Anywhere the string "with" shows up in the listing below, copy the line it is in.

Excerpted data:
....
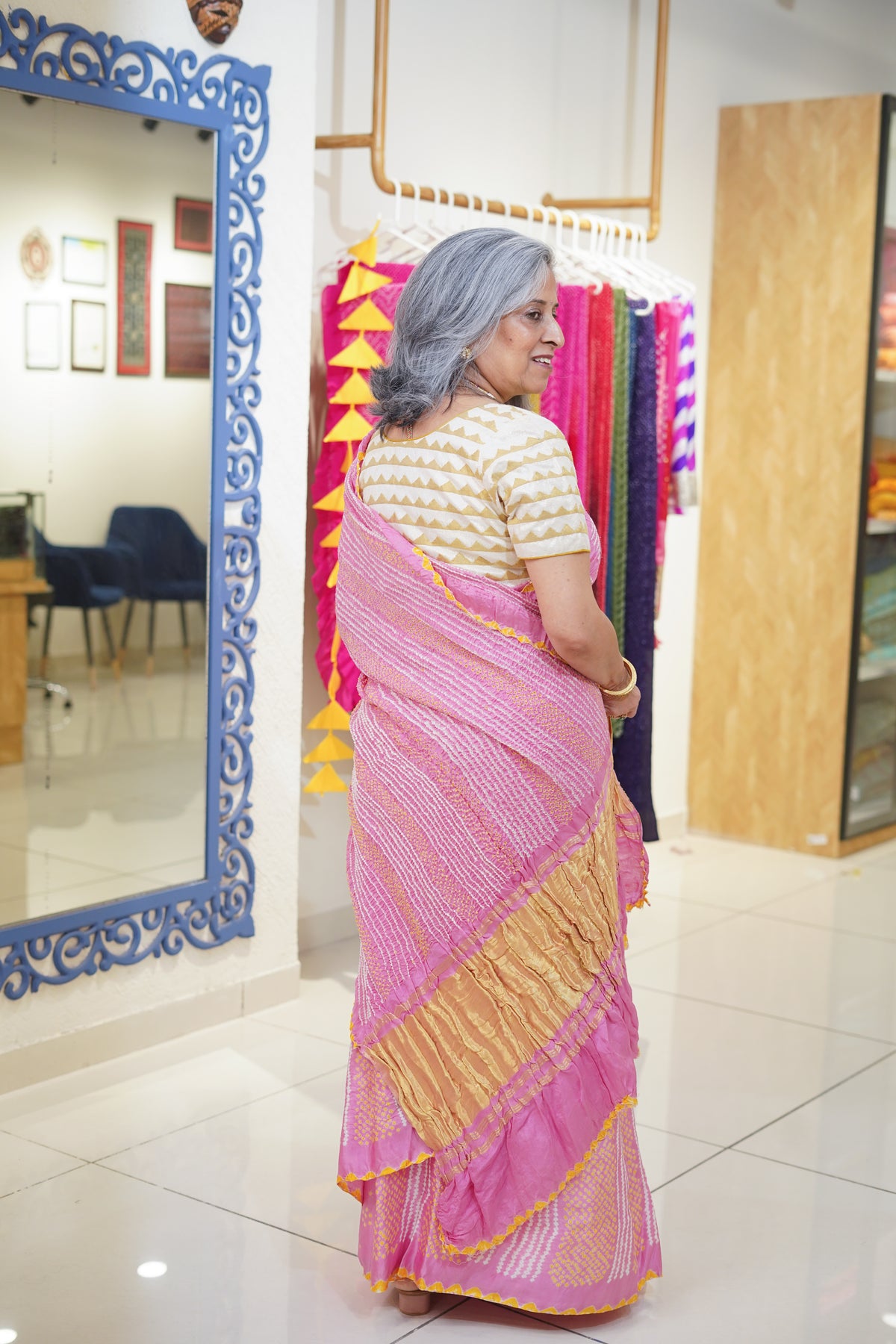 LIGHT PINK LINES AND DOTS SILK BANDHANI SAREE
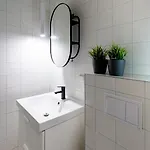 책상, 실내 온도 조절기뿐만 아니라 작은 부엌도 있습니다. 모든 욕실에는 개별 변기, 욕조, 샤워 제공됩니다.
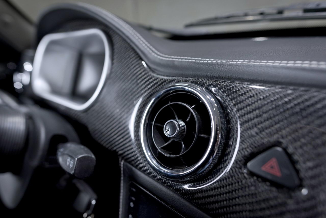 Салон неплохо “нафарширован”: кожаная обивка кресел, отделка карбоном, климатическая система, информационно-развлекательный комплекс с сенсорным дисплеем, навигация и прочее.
....
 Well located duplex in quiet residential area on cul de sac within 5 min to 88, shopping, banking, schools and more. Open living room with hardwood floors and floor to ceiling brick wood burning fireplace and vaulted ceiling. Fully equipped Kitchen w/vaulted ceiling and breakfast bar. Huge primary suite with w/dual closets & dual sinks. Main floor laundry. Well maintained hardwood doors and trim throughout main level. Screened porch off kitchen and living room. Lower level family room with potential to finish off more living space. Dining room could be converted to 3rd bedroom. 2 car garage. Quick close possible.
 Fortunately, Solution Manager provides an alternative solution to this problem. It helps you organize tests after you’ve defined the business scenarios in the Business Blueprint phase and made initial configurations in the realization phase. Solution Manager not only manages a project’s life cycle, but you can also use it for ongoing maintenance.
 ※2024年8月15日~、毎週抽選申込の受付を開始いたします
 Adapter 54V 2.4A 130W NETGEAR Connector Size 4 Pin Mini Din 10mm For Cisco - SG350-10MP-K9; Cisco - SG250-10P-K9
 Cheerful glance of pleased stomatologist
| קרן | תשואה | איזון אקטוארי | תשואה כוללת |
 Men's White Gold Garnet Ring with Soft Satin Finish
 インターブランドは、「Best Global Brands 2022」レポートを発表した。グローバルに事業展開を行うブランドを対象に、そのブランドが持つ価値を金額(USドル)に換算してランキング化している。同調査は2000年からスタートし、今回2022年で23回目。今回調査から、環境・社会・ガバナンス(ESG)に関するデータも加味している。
....
Solution to this exercise:
 Well located duplex in quiet residential area on cul de sac within 5 min to 88, shopping, banking, schools and more. Open living room with hardwood floors and floor to ceiling brick wood burning fireplace and vaulted ceiling. Fully equipped Kitchen w/vaulted ceiling and breakfast bar. Huge primary suite with w/dual closets & dual sinks. Main floor laundry. Well maintained hardwood doors and trim throughout main level. Screened porch off kitchen and living room. Lower level family room with potential to finish off more living space. Dining room could be converted to 3rd bedroom. 2 car garage. Quick close possible.
 Men's White Gold Garnet Ring with Soft Satin Finish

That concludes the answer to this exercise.